Jesus Our Shepherd
Luke 15:1-3, 11-32
4th Sunday In Lent

The tax collectors and the sinners were all gathering around Jesus to listen to his teaching, at which the Pharisees and the scribes murmured, “This one welcomes sinners and eats with them.” Then Jesus addressed the following parable to them:

“A man had two children. The younger said to their father, ‘Give me my share of the estate that is coming to me.’ So the father divided up the estate. Some days later, the younger son gathered up his belongings and set off to a distant land. Here he squandered all his money and inheritance on loose living. After everything was spent, a great famine broke over the land. Everyone, including the son, was in great need. So the son went to a landowner, who in turn sent him to his farm to take care of his pigs. The son longed to eat the husks that were fodder for the pigs; but no one made any move to give him any. At last coming to his senses, the son thought: ‘How many hired hands at my father’s house have more than enough to eat, while here I am starving! I will go back home and say, “I have sinned against God and against you. I no longer deserve to be called one of your children. Treat me like one of your hired hands.”

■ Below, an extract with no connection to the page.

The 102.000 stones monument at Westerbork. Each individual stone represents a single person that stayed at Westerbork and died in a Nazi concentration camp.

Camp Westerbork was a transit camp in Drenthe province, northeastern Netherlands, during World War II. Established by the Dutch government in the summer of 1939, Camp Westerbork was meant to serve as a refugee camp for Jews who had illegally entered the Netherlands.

“With that in mind, this younger son began his journey homewards. While he was still a long ways distant, his father caught sight of his returning child and was deeply moved. He ran out to meet his son, threw his arms around him, and kissed him. Then his son said to him, ‘I have sinned against God and against you. I no longer deserve to be called your child.’ But the faith said to one of his hired hands, ‘Quick, bring out the finest robe and put it on him. Put a ring on his finger and shoes on his feet. Take the fatted calf and kill it! We are celebrating because this son of mine was dead and has now come back to life; he was lost ands now is found.’ Then the celebration began.

“Meanwhile the elder son was working the land. Nearing the house, he heard the sound of music and dancing. He called a hired hand over and asked, ‘What is the reason for all this dancing and music?’ The hired hand responded, ‘Your brother is back home, and the fatted calf has been killed because your father has him back in good health.’ The son became angry at this and would not join the party. So his father came out and began to plead with him. But the elder son replied, ‘For years now I have worked for you. I never disobeyed any of your orders. Yet you never gave me so much as a kid goat to celebrate with my friends. Then when this other one returns after having gone through your property with prostitutes, you kill the fatted calf for him.’

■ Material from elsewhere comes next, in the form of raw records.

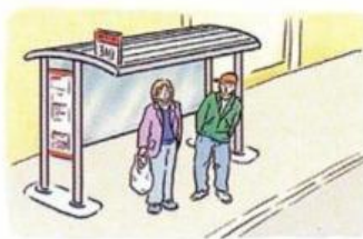
a bus stop
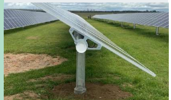
↑ Single axis trackers

To meet the visibility requirement, two television screens were installed (by client) in the shop with a live feed provided from NSE's monitoring platform. In this way, customers have a live view of the system's output data.
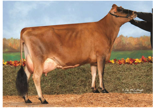
SWEET HAVEN MY FAIR LADY {6}, VG-88% SISTER TO DAM OF LOT 177
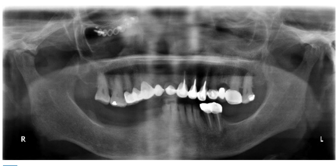
2 Pretreatment panoramic radiograph.
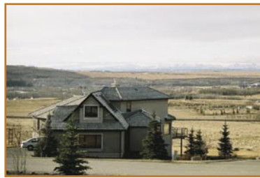
$299,000 The Slopes 1/3 acre vacant lot on cul-de-sac, mountain views
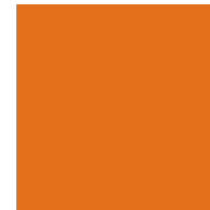
Safety Orange PES8-C6148

“The father then responded, ‘My beloved, you are always in my heart. Everything I have is yours. But we had to celebrate and rejoice! This brother of yours was dead, and has come back to life. He was lost and now is found.’” The Good News of Salvation!

Homily for 21 March 2004
Rev. Jim Ryan

Several months after I moved to eastern Kentucky I began to understand the statement, “You can’t get there from here.” In the gnarled, woody, winding, hollow-stopping roads and pathways of southern Appalachia a person trying to apply Midwestern straight grids for roads winds up hopelessly lost. You truly cannot get there from here, you must first go someplace else and go from there. Then you will wind up there.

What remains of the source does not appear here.